It’s Mothering Sunday! A time when kids of all ages set about spoiling mum, traditionally by making her breakfast. This post was supposed to be a gorgeous homemade granola, honey yogurt and fruit salad parfait that was going to be served at a surprise brunch for my mum-in-law, but plans can change on you even when you thought you had planned carefully. So rather than a brunch we were now going to be doing a tea. As luck would have it I was working on the Saturday before, so I needed something quick and easy to whip together. So I began the great internet search to something that would take no time to pull together while still having a sock knock off-able effect.
But everywhere I looked, no matter how hard I tried to escape it, there was only one baked good that popped up everywhere. French macarons! They are not easy. They are not quick. They are fiddly, pernickety, impossible to get right little (%&$^)*&s! But they’re soft and colourful and pretty and oh so gorgeously feminine and just so 100% perfect for mother’s day they made everything else look … well … clunky. I knew that despite never attempting them before, I had to give it a shot.
- 130 gm icing sugar
- 110 gm ground almonds
- 105 gm egg white (this sounds ridiculously exact, but with these little (%&$^)*&s, apparently you need to be.)
- 65 gm caster sugar
- red/pink food colouring
- 100 gm white chocolate
- 50ml double cream
- some seedless raspberry jam
For the first time here on Fudgingood, we’re going to talk about hardware. You’re going to need two really heavy flat baking trays, parchment paper, a food processor, a hand or stand mixer, a piping bag and a sieve. Cut two pieces of parchment paper to the exact size of the the trays so it lies completely flat and line each tray with them. I knew there was no WAY I could keep the cookies the same size, so I took a sherry glass and used it to draw twenty circles on each piece of paper.

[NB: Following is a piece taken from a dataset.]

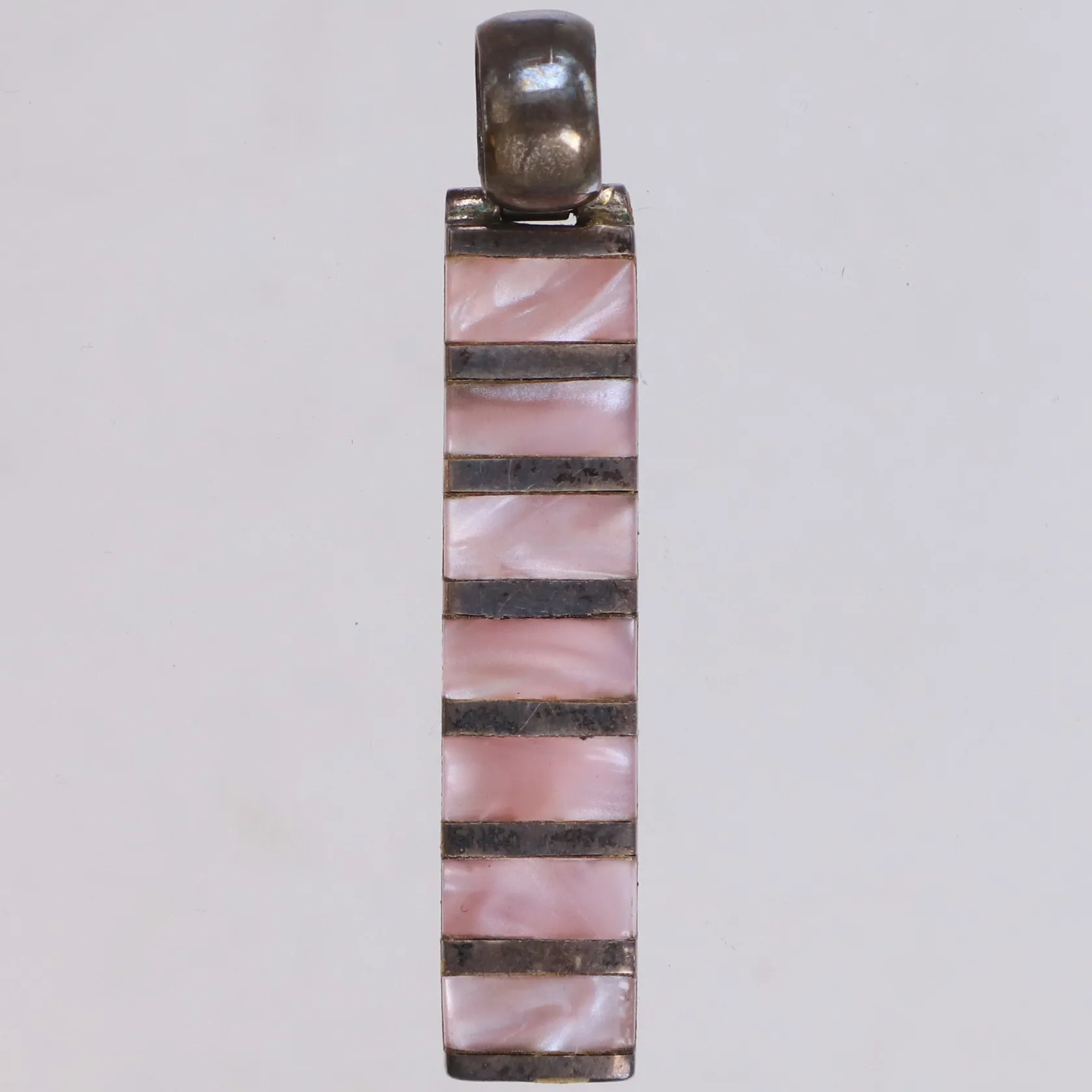 Hänge med rosa stenar längd 52mm, bredd 9,4mm, silver 925/1000 Vikt: 7,3 g.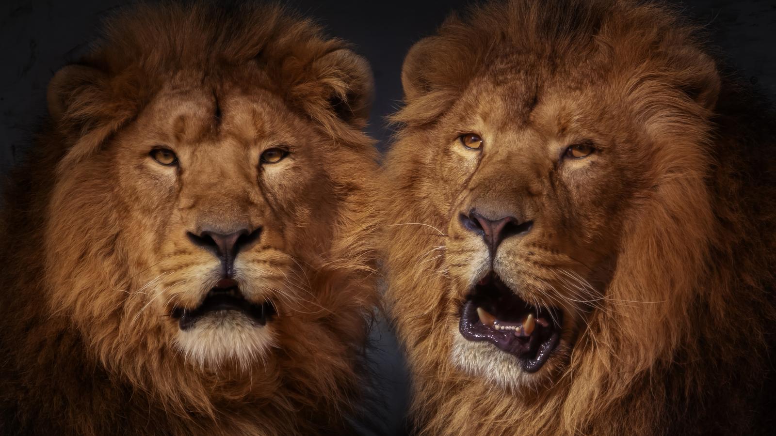 Обои Два белых пушистых щенка самоедской лайки на голубом фоне

Start by separating your eggs and measuring out the egg white. Now 105gms is about 3 eggs worth of white. Then let the egg sit on the counter for a good long while until it is at room temperature. This helps them gain more volume when you whip them.
Next combine the ground almonds and the icing sugar in a food processor and whiz for about a minute. You’re aiming for a seriously fine, seriously combined powder. Then you need to sieve the powder into a bowl. . . then you need to do it again. . . and again. . . I said they were pernickety already right?
Now beat your eggs until foamy and then bit by bit add the caster sugar and continue whisking until the eggs reach a soft peak stage. Then add in the food colouring.
Now pour the icing sugar/almond mix on top of the eggs and fold in the mix. The folding bit is important. If you stir you will lose all the puffiness. Then add the batter to a piping bag. Then holding the piping bag horizontal to the tray pipe the batter into the circles. Then bash the trays on the counter top three or four times to rid the batter of air bubble that will cause your precious beauties to crack rather than form beautiful shapely domes.
Now heat the oven to 150°C BUT leave the cookies out on the counter for half an hour to form a skin that will stop them from spreading. After half an hour lower the temperature to 130°C and put the trays into the oven. Put the macarons in the oven to cook while the cools from 150°C to 130°C. Leave them to bake for 15 minutes and then swap the trays around to ensure even cooking and bake to a further 15mins. After half an hour try and lift one of the cookies from the paper. If it’s cooked it will lift easily, if it’s sticks, put it back in the oven for 5 minutes and then test again. Once they’re cooked remove from the oven and let cool before you fill them.
To make the ganache chop the white chocolate finely and put into a bowl, then heat the cream to boiling and pour it over the chocolate. Allow the chocolate to melt for a minute or so and then whisk to combine the two and let the mixture cool. While it ‘s cooling pair each of the macarons by size and add about half a teaspoon of jam to one of them. Then add the cooled ganache to the other half and sandwich together.
So there you have it. It turns out they actually are easy and they’re quick and I will certainly be making them again, because they will leave you SERIOUSLY sockless, but they’re still fiddly little (%&$^)*&s,
Confession Time: Now as you can see from the pic above, the chocolate ganache is sticky and doesn’t really want to play the game, so I filled half the macarons with Chantilly Cream. What I only discovered when cleaning up was that if you mix the ganache with the whipped cream you get a light fluffy piece of heaven to fill your macarons. I HIGHLY recommend trying it when you make your next batch. I’m certainly going to.